Drug Companies Ask For Reopening Of Mexican Border For Blood Plasma
Mexican nationals had been allowed to cross into the U.S. in order to be paid for blood plasma donations, but officials have shut off that route, triggering worries over plasma supply. Separately, antibiotic treatments for simple pneumonia and recurrent urinary infections are also in the news.
The Wall Street Journal:
Block On Blood-Plasma Donors From Mexico Threatens Supplies
Pharmaceutical companies and U.S. officials are fighting over whether to allow people to cross the border from Mexico to be paid for giving blood plasma, a critical ingredient in treatments for some neurological and autoimmune diseases. Up to 10% of plasma collected in the U.S. usually comes from Mexican nationals who enter on visitor visas and are paid about $50 to donate, according to legal filings from pharmaceutical companies. Last June, U.S. border officials indicated they would stop the roughly 30-year practice because they viewed it as labor for hire, which isn’t allowed under a visitor visa. (Cherney, Onque and Hernandez, 3/9)

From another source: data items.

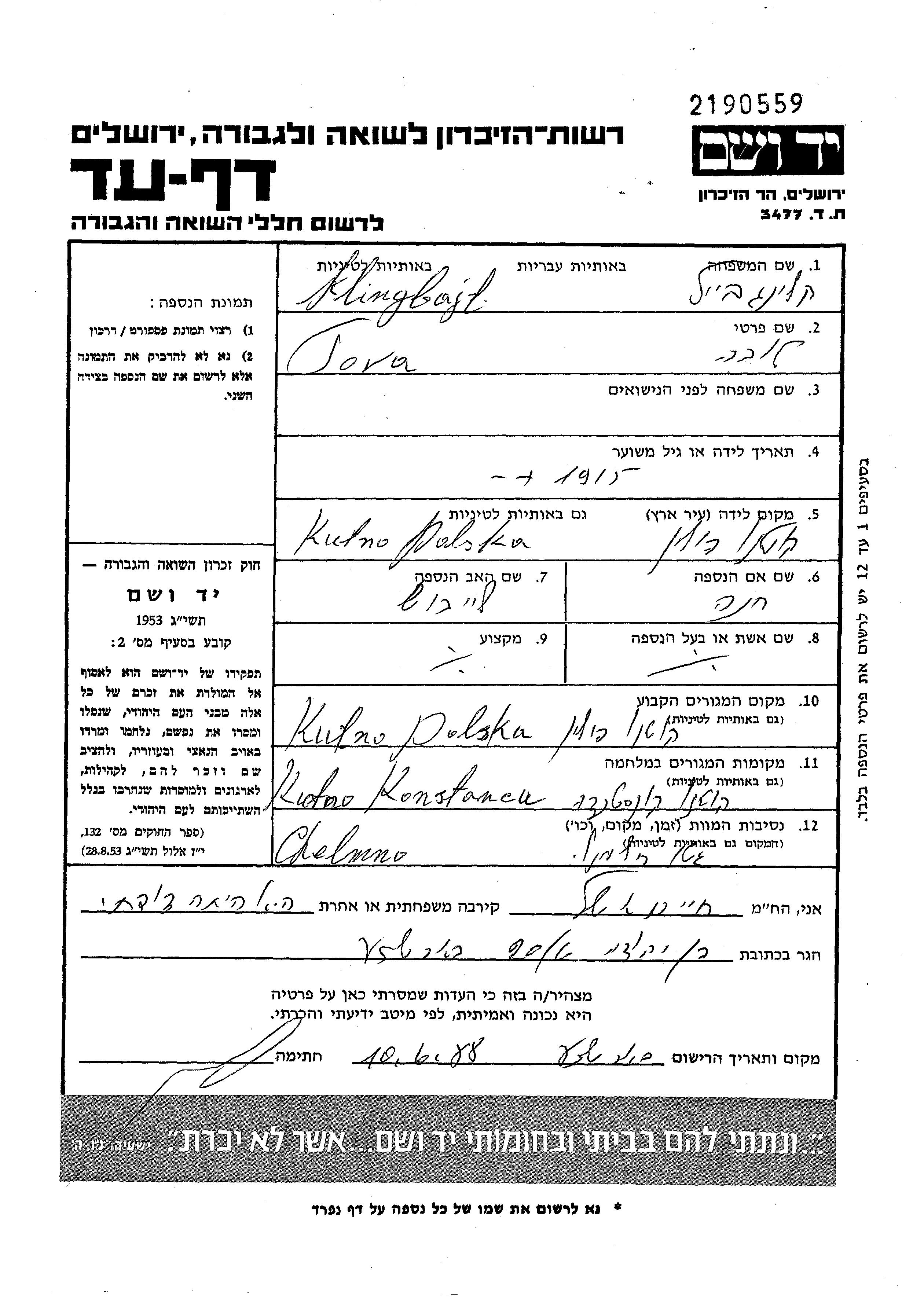 Klingbajl Tova 1915 Kutno, Pologne Feuille de témoignage
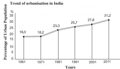 (vi) India’s rate of urbanisation has increased continously in a fluctuating rate.
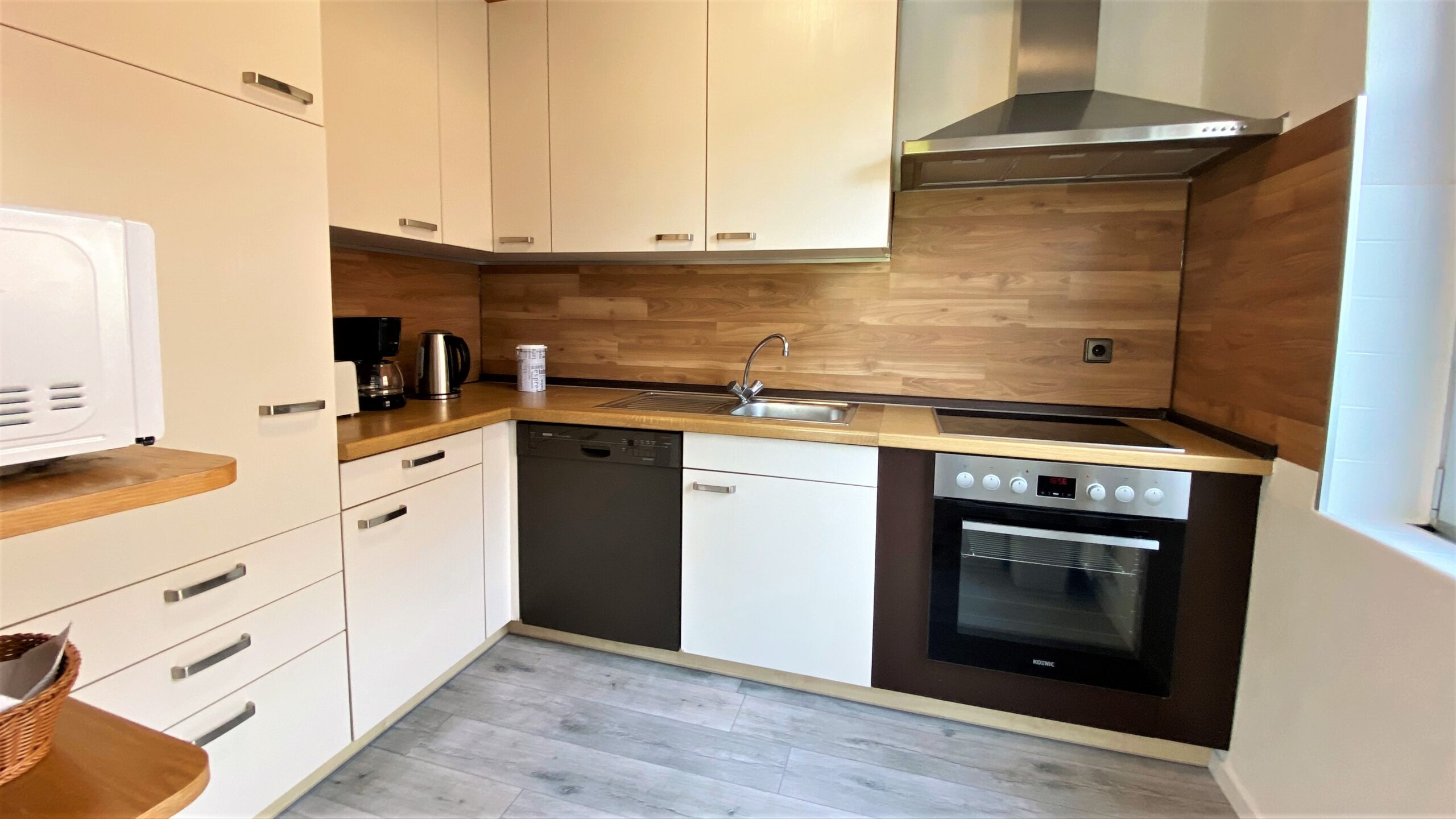 Кухня полностью оборудована холодильником/морозильником, электрической плитой с керамической варочной поверхностью и духовкой, посудомоечной машиной, чайником, кофеваркой, микроволновой печью и тостером.
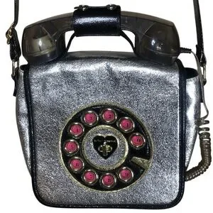 Unique silver handbag with a retro telephone design. Features gold and pink accents.

In other pharmaceutical and biotech news —
CIDRAP:
Study: Young Kids With Simple Pneumonia Fare Well Without Antibiotics
A study of children 3 years old or younger who were hospitalized for uncomplicated community-associated pneumonia (CAP) found that a significant proportion did well without a full course of antibiotics, researchers reported yesterday in Open Forum Infectious Diseases. In the retrospective observational study, researchers from the University of Alabama at Birmingham analyzed data on previously healthy children ages 3 to 36 months who were treated at Children's of Alabama for uncomplicated CAP from September 2011 through December 2019. They compared outcomes in children treated with antibiotics—defined as treated for more than 2 days with an antibiotic or discharged home with an antibiotic prescription—versus those who received 2 days of antibiotics or less or were discharged home with no antibiotics. (3/10)
CIDRAP:
Trial Supports Antibiotic Alternative For Recurrent Urinary Infections
The results of a randomized clinical trial conducted in the United Kingdom suggest a non-antibiotic antiseptic treatment may be as good as antibiotics for preventing recurrent urinary tract infection (UTI), researchers reported yesterday in The BMJ. The drug, methenamine hippurate, has previously been evaluated in systematic reviews for the prevention of recurrent UTI, which occurs in roughly one in four women who have a UTI episode, but the results of those reviews have been inconclusive. This is the largest randomized trial yet to assess its efficacy compared with antibiotics—the current standard treatment. (Dall, 3/10)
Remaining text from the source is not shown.